■ **Supplied records**
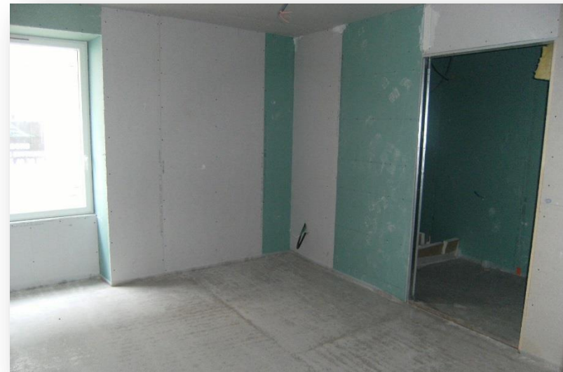
Aménagement d'une porte coulissante
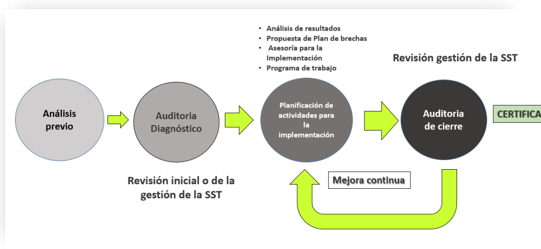
Esquema de Implementación Programas SG SST familia PEC v2025

El presente SG SST PEC Estándar y su proceso de implementación en la empresa, se realiza a través de cuatro etapas: Promoción, Auditoría Diagnóstico, Planificación de actividades para la implementación y Auditoría de cierre.
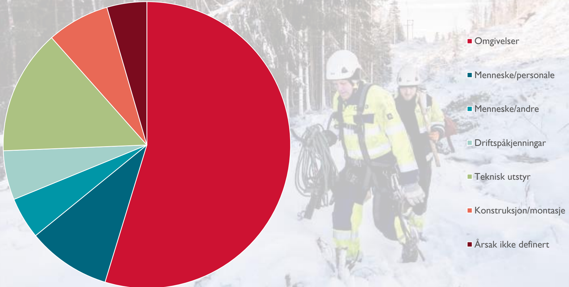
Feilårsak i regional- og transmisjonsnett
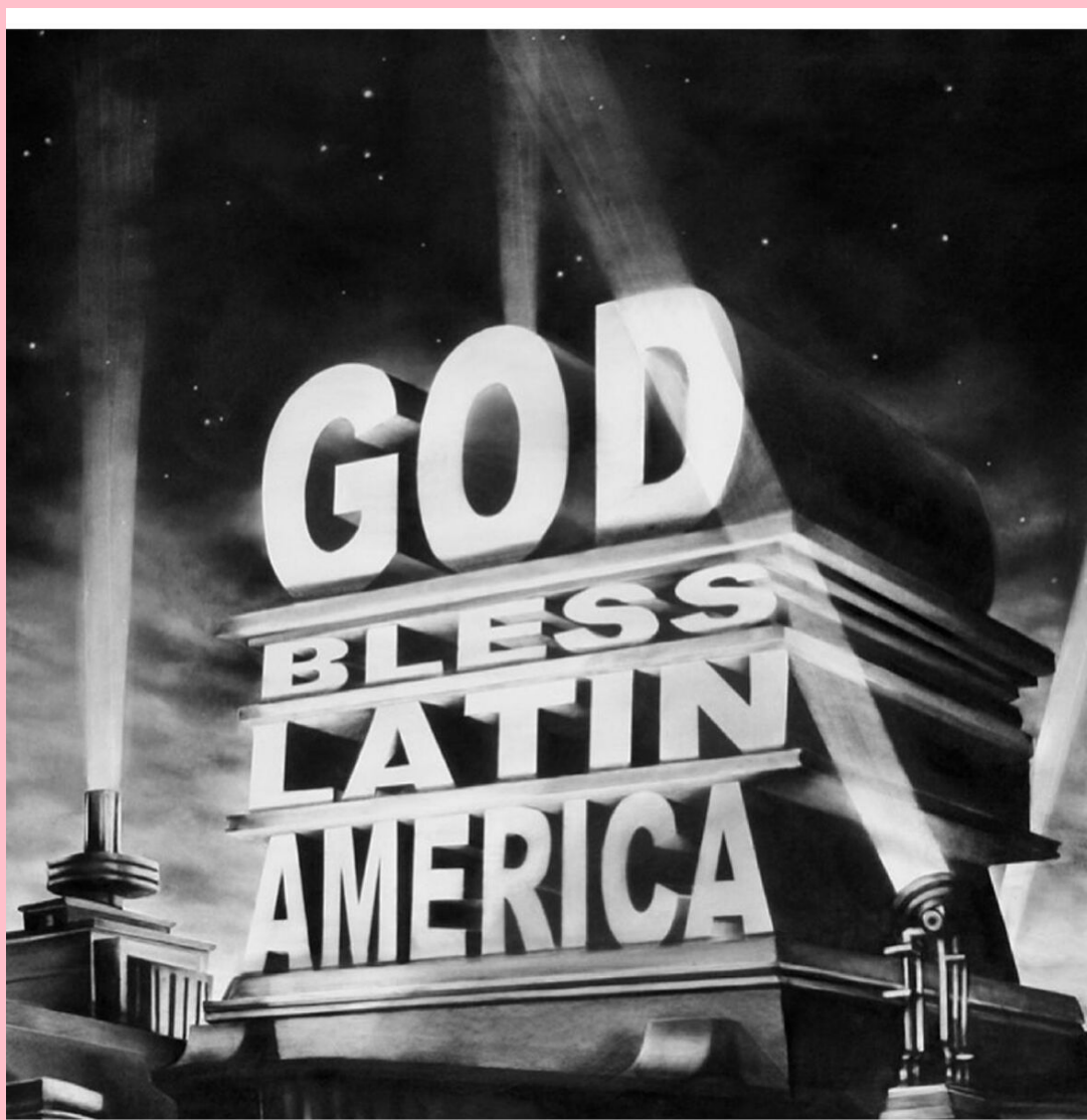
God Bless Latin America 2014

Aconselhamento para aquisição de obras de arte | Consulting for art acquisitions
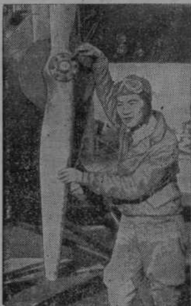
Mlad kitajski letalec, ki je bil izvežban v Ameriki.

Pariška razstava. Svetovno razstavo v Parizu delajo tako, da so si začeli ljudje voščiti takole: »Želim ti, da bi tako dolgo živel, da boš dočakal, da bo ureditev razstave v Parizu dogotovljena!«
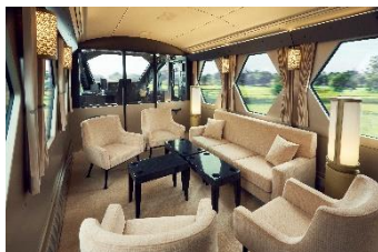
△コックピットスイート

現行のスペーシアを継承しながらもより上質な空間となった個室をはじめ、全6種類のシートの中からお客様それぞれの旅行スタイルに合うものを選んでいただけます。
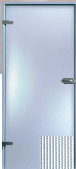
Strukturiertes Glas sgg MASTER-POINT Beschlag: Türdrücker 22.100.0000.--- auf Fallenschloss Türdrücker vorn
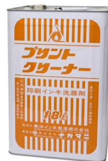
11. プリントクリーナー
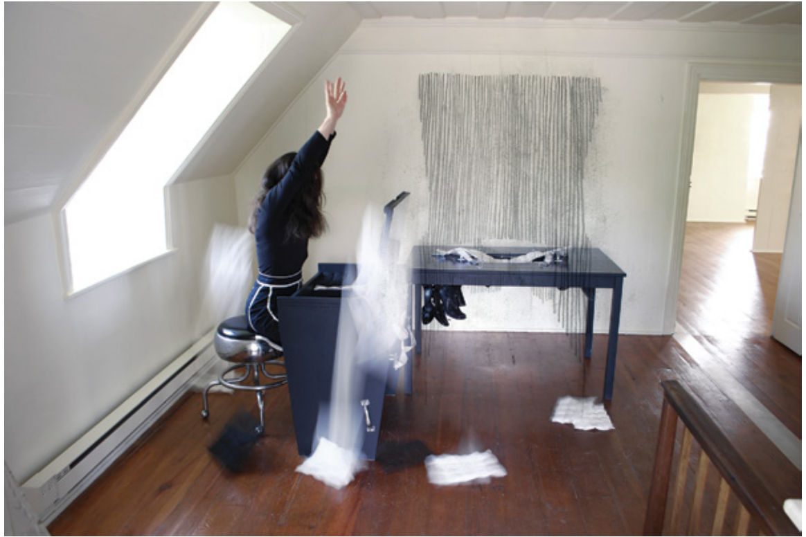
La chambre de L... , 2011 Performance photographique réalisée dans l'installation présentée à la Biennale internationale du lin de Portneuf, Deschambault.

Cette collecte de récits anonymes et cette oreille tendue vers l'autre prennent forme dans divers projets. Si les récits que Boileau récolte ne lui permettent d'accéder qu'à une infime partie d'un individu, elle réussit somme toute à composer une histoire qui, bien que fictive et subjective, est composée d'éléments pourtant bien réels.
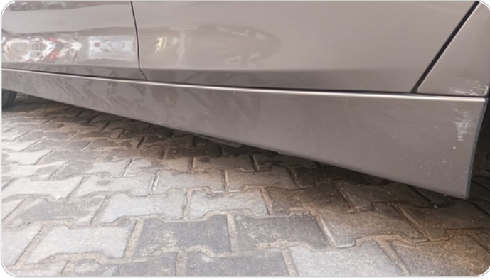
العتب السفلي شمال : رش بدون معجون (خرابيش)
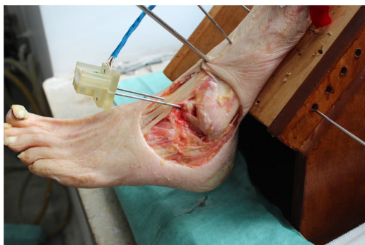
Figura 2 Instrumento de medida. Detalle del sensor localizado en el astrágalo.

desarrollada para el uso de un microcontrolador Arduino Mega 2560, con la ayuda del Mpu6050, una unidad de medición inercial (IMU) 16 . Mediante un algoritmo de fusión fue posible la adquisición e interpretación de los datos recibidos por la IMU. El software permitió analizar el desplazamiento angular del astrágalo, en tres planos simultáneamente, en tiempo real, utilizando los ángulos de Tait-Bryan 17 .
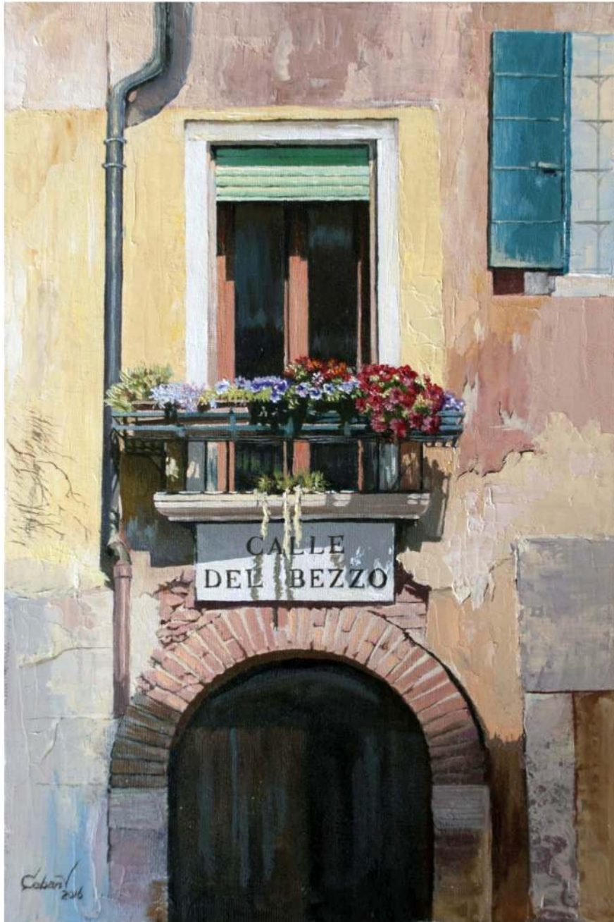
Calle del Bezzo, ulei pe pânză
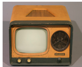
Téléviseur Hudson début des années 60

Viens m'embrasser Et je te donnerai Un frigidaire Un joli scooter Un atomixaire Et du Dunlopillo Une cuisinière Avec un four en verre Des tas de couverts Et des pelles à gâteaux
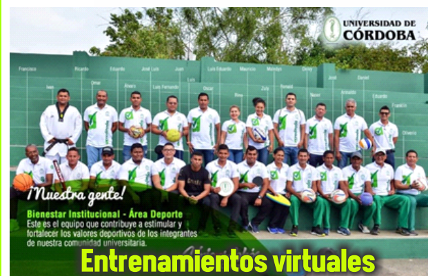
¡Nuestra gente! Bienestar Institucional - Área Deporte Este es el equipo que contribuye a estimular y fortalecer los valores deportivos de los integrantes de nuestra comunidad universitaria.

Entrenamientos virtuales Deporte Competitivo
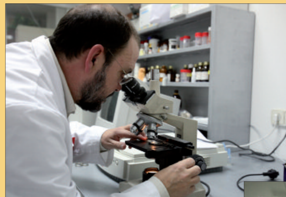
Una muestra microscópica puede determinar la presencia de estupefacientes

ran acreditaciones especiales de seguridad. Igualmente, puede significar la exclusión para la realización de determinados cursos para los que se requiere la superación de este tipo de pruebas (conductores, seguridad, etc).
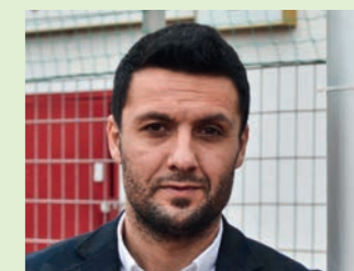
Yildiray Bastürk, ehemaliger Spieler des VfB Stuttgart und gebürtiger Herner.

zum Glück ist es heute längst kein Widerspruch mehr, Sohn einer Familie mit Wurzeln in der Türkei und gleichzeitig „Kind des Ruhrgebiets“ mit großer Identifikation für Herne und die Region drum herum zu sein. Im Ruhrgebiet und insbesondere in seinen Städten wie Herne wurde und wird Integration seit jeher groß geschrieben. Und das ist auch gut so.
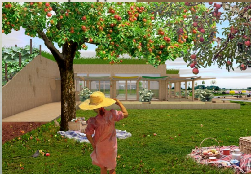
Render Veerkwartier met boomgaard. Beeld: HER architecten
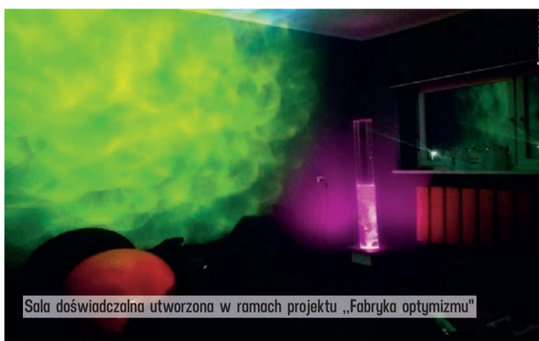
Sala doświadczalna utworzona w ramach projektu „Fabryka optymizmu”
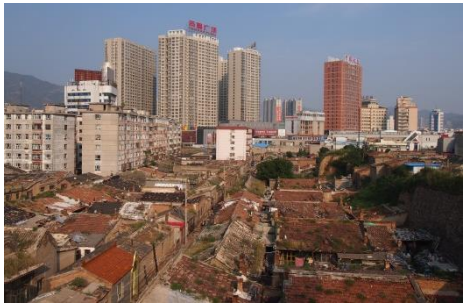
市街地の中に残る旧市街の街並み

この張家口には、中心街の中に一部取り残されたように旧市街や城壁が残っていて、土と石と瓦で作られた昔ながらの中国の古い街並み、静かで素朴な人々の生活を今でも感じることができます。この場所にくると、一気に何十年もタイムスリップをして、昔の中国にいるような感覚になるかもしれません。この旧市街は文化保護区としての指定を受けていますが、老朽化も進んでいて、人が居住することも難しくなっているため、この先保護を続けていくのか、それとも新しい街として生まれ変わるのか、その先行きが決まるのもそう遠くない未来ではないかと思われる。
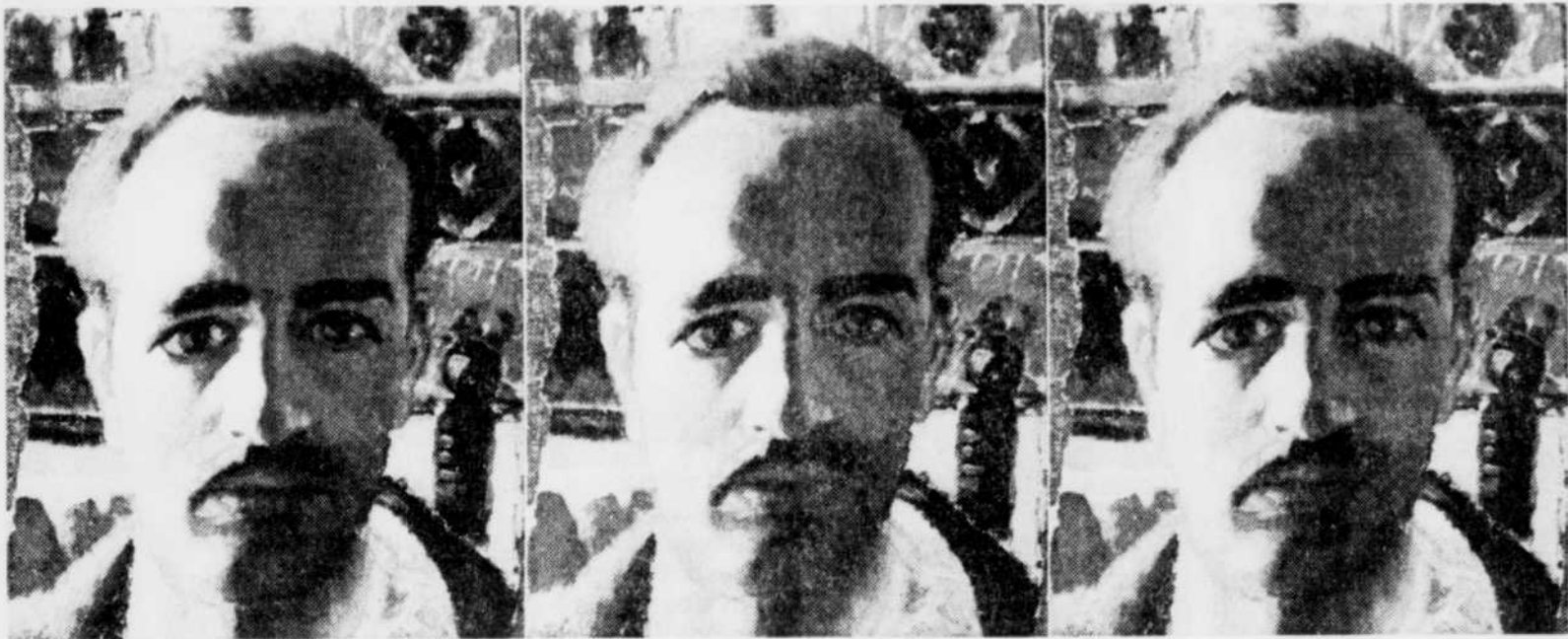
Autocollant, 1938. Musée des Beaux-Arts de Montréal, Ottawa

■ **Work order**
With the pictures left out, copy exactly the lines from the one containing "Render Veerkwartier met" through the final line of the records above, both included.

■ **Solution**
Render Veerkwartier met boomgaard. Beeld: HER architecten
Sala doświadczalna utworzona w ramach projektu „Fabryka optymizmu”
市街地の中に残る旧市街の街並み

この張家口には、中心街の中に一部取り残されたように旧市街や城壁が残っていて、土と石と瓦で作られた昔ながらの中国の古い街並み、静かで素朴な人々の生活を今でも感じることができます。この場所にくると、一気に何十年もタイムスリップをして、昔の中国にいるような感覚になるかもしれません。この旧市街は文化保護区としての指定を受けていますが、老朽化も進んでいて、人が居住することも難しくなっているため、この先保護を続けていくのか、それとも新しい街として生まれ変わるのか、その先行きが決まるのもそう遠くない未来ではないかと思われる。
Autocollant, 1938. Musée des Beaux-Arts de Montréal, Ottawa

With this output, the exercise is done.